What needs to be done
Reproduce exactly only the lines from the line that holds "Este documento descreve" to the line that holds "Jedálenský stôl, 200x100", inclusive, in the listing below, and please leave out every picture.

******

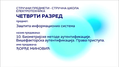 СШ4 – Заштита информационих система, 10. час: Биометријске методе аутентификације. Вишефакторска аутентификација...
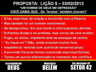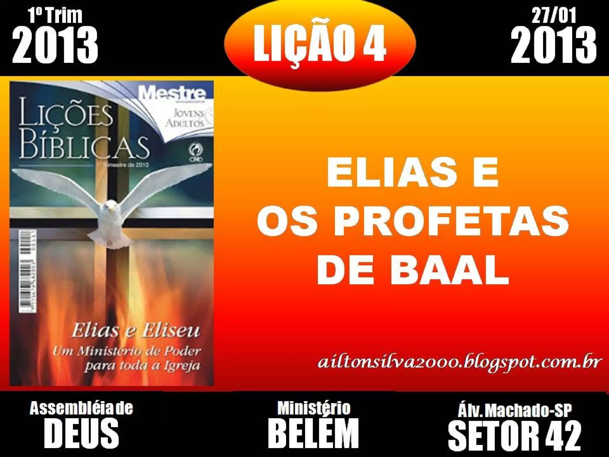 Este documento descreve uma lição bíblica sobre o confronto entre Elias e os profetas de Baal descrito em 1 Reis 18. O documento discute: 1) Como Elias desafiou o povo de Israel a escolher entre Jeová e Baal. 2) Como a adoração a Baal imitava mas não podia produzir fogo como Jeová. 3) Como o sincretismo religioso sempre ameaçou o povo de Deus.
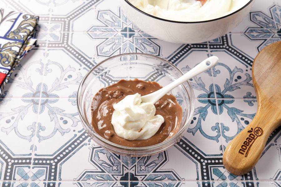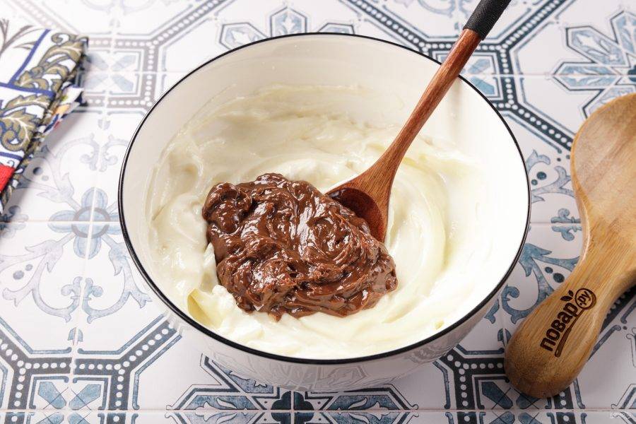 Шоколад поломайте на кусочки и растопите на водяной бане или импульсами в микроволновой печи.
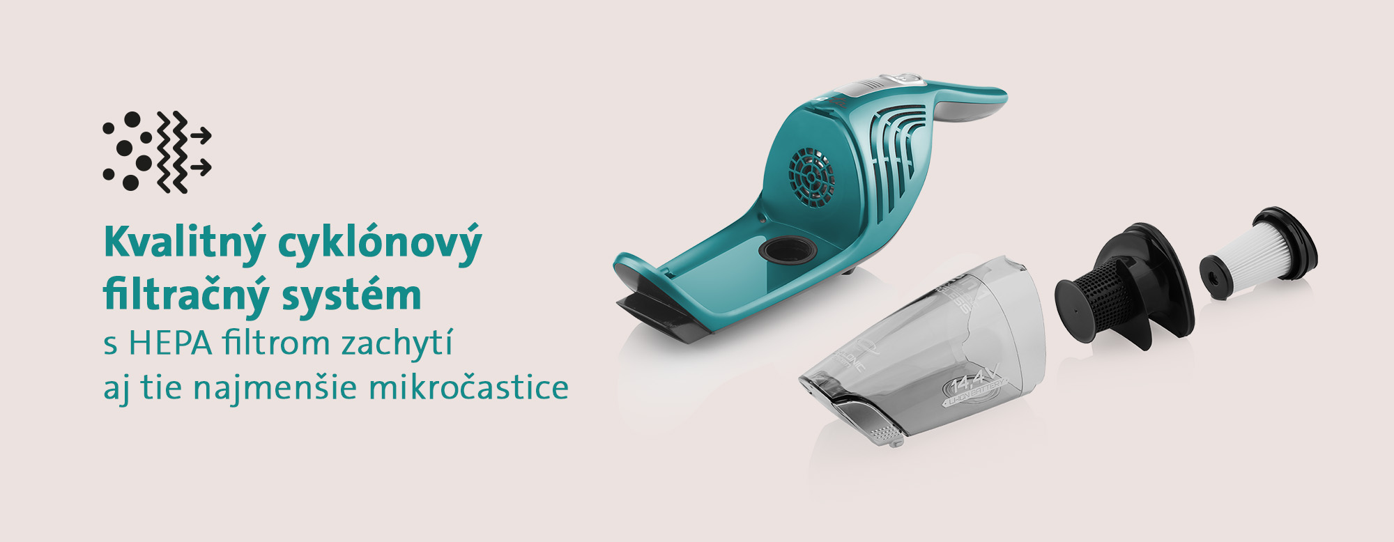 Vďaka dvom úrovniam sacieho výkonu sa vysávač prispôsobí každému povrchu. Na koberce určite využijete silnejší výkon, na drevené podlahy bude efektívnejší ten nižší. Cyklónový filtračný systém s HEPA filtrom vysávanie ešte zefektívni a nečistoty sa zbierajú do nádoby o objeme 0,55 l.
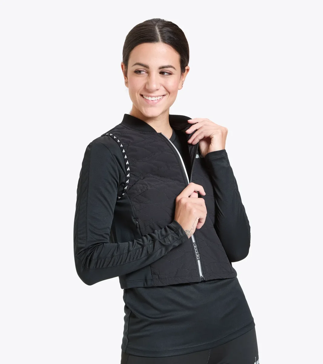 Die L. Urban Vest Be One ist eine Windjacke für Damen aus winddichtem Material mit leichter Primaloft-Wattierung auf der Vorderseite und Multi-Fregio-Steppung. Mesh-Einsatz auf der Rückseite und reflektierende Details.
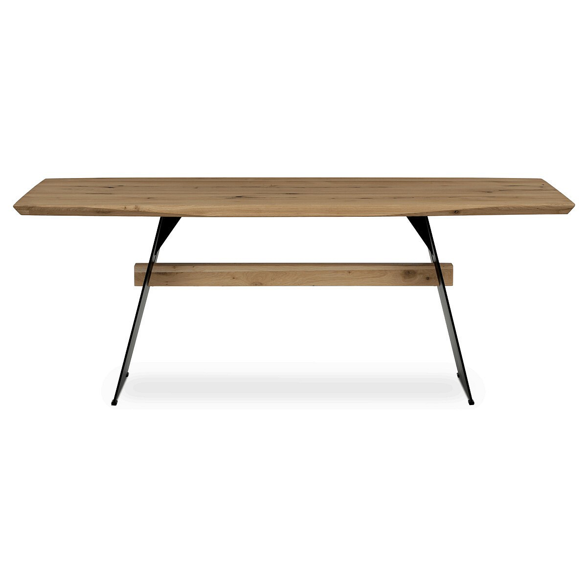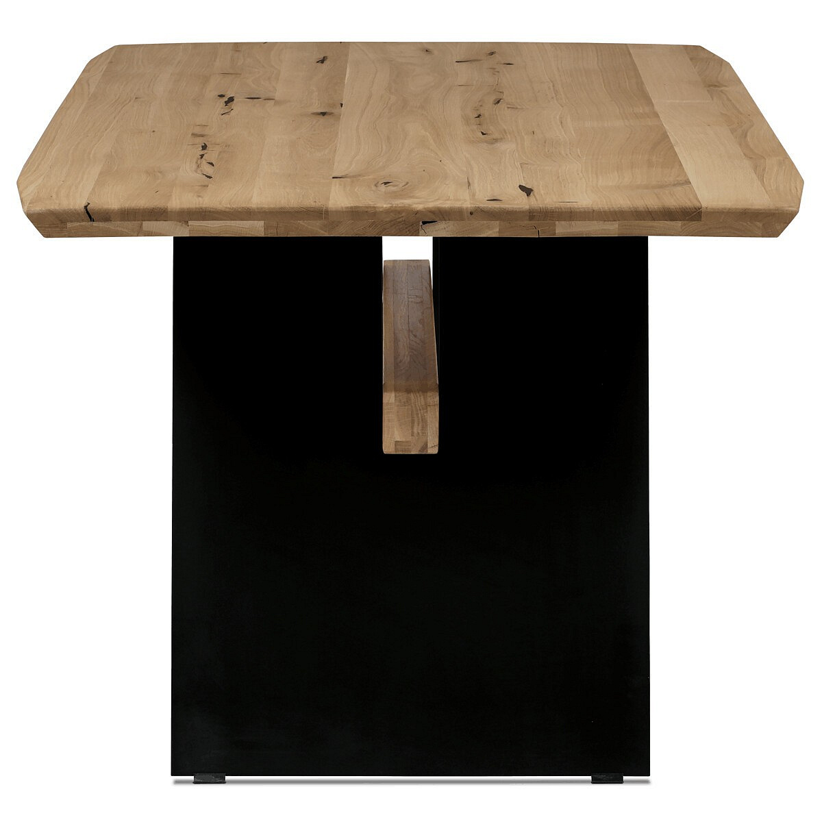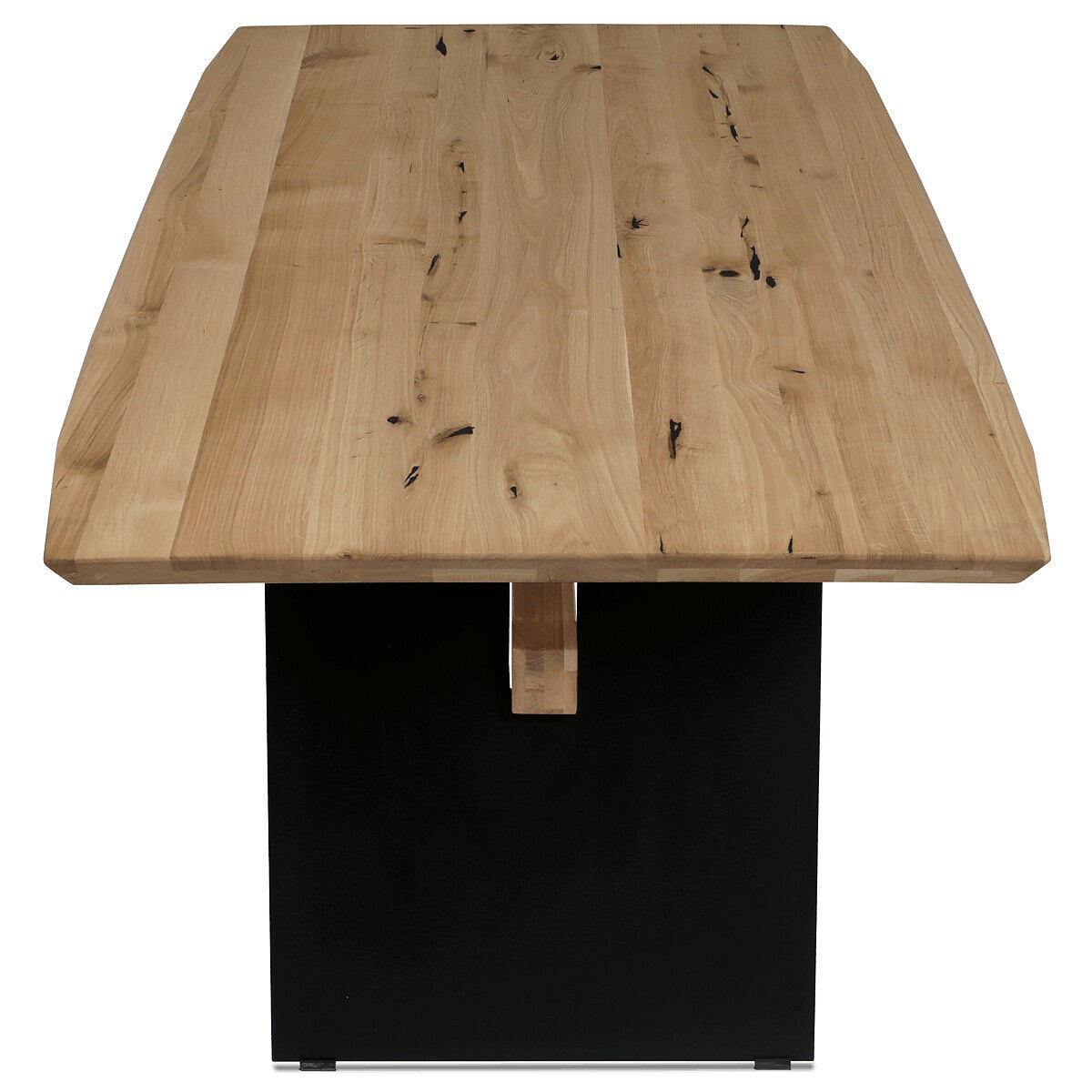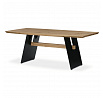 Jedálenský stôl, 200x100 cm, dubový masív, skosené hrany, kovová noha, čierny lak
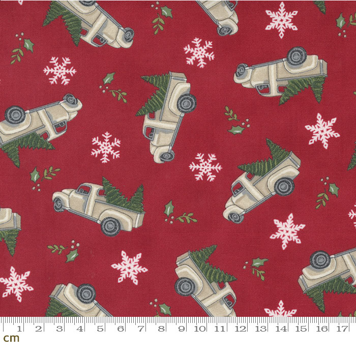 【Moda モダ】Holly Berry Tree Farm-56032-12(2E-08) レッド ホワイト 車柄 雪の結晶柄 クリスマス コットン100% シーチング【10cm単位販売】

******

Written answer
 Este documento descreve uma lição bíblica sobre o confronto entre Elias e os profetas de Baal descrito em 1 Reis 18. O documento discute: 1) Como Elias desafiou o povo de Israel a escolher entre Jeová e Baal. 2) Como a adoração a Baal imitava mas não podia produzir fogo como Jeová. 3) Como o sincretismo religioso sempre ameaçou o povo de Deus.
 Шоколад поломайте на кусочки и растопите на водяной бане или импульсами в микроволновой печи.
 Vďaka dvom úrovniam sacieho výkonu sa vysávač prispôsobí každému povrchu. Na koberce určite využijete silnejší výkon, na drevené podlahy bude efektívnejší ten nižší. Cyklónový filtračný systém s HEPA filtrom vysávanie ešte zefektívni a nečistoty sa zbierajú do nádoby o objeme 0,55 l.
 Die L. Urban Vest Be One ist eine Windjacke für Damen aus winddichtem Material mit leichter Primaloft-Wattierung auf der Vorderseite und Multi-Fregio-Steppung. Mesh-Einsatz auf der Rückseite und reflektierende Details.
 Jedálenský stôl, 200x100 cm, dubový masív, skosené hrany, kovová noha, čierny lak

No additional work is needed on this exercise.